Vision and multimodal

Model	Sizes
`qwen3-vl`	2b, 4b, 8b, 30b, 32b, 235b
`llama3.2-vision`	11b, 90b
`llava`	7b, 13b, 34b
`minicpm-v`	8b

Embeddings

Model	Sizes
`nomic-embed-text`	default
`mxbai-embed-large`	335m
`bge-m3`	567m
`snowflake-arctic-embed`	22m, 33m, 110m, 137m, 335m
`all-minilm`	22m, 33m

Compact (runs on modest hardware)

Model	Sizes
`smollm2`	135m, 360m, 1.7b
`tinyllama`	1.1b
`gemma3`	270m, 1b

The full catalog lives at ollama.com/library and changes frequently — check there for new drops.

Suggested pairings

A good starting config is a cheap executor plus a capable advisor so most tokens stay local or cheap and only the hard turns escalate.
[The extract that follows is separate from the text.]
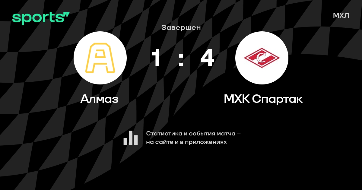 В прошедшем матче в рамках турнира МХЛ состоялась встреча команд Алмаз - МХК Спартак в городе Череповец (Россия) на стадионе Ледовый дворец (вместимость - 6000)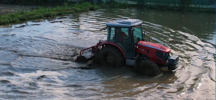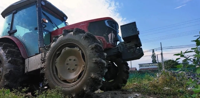 这台机子配置高的很:用的大底盘,动力输出轴也是加固强化过的,并且它标的是80匹马力,实际藏着30%的储备动力,可以抵达90匹马力,就算半个轮胎陷进去,也能轻松开出来,在水田这种庞大地方,是真省心。

Cheapest cloud: claude-haiku-4-5 executor, claude-sonnet-4-6 advisor.
Frontier coding: claude-sonnet-4-6 executor, claude-opus-4-7 advisor.
Local-first: qwen2.5-coder:7b executor, claude-sonnet-4-6 advisor.
Fully local: llama3.1:8b executor, deepseek-r1:32b advisor.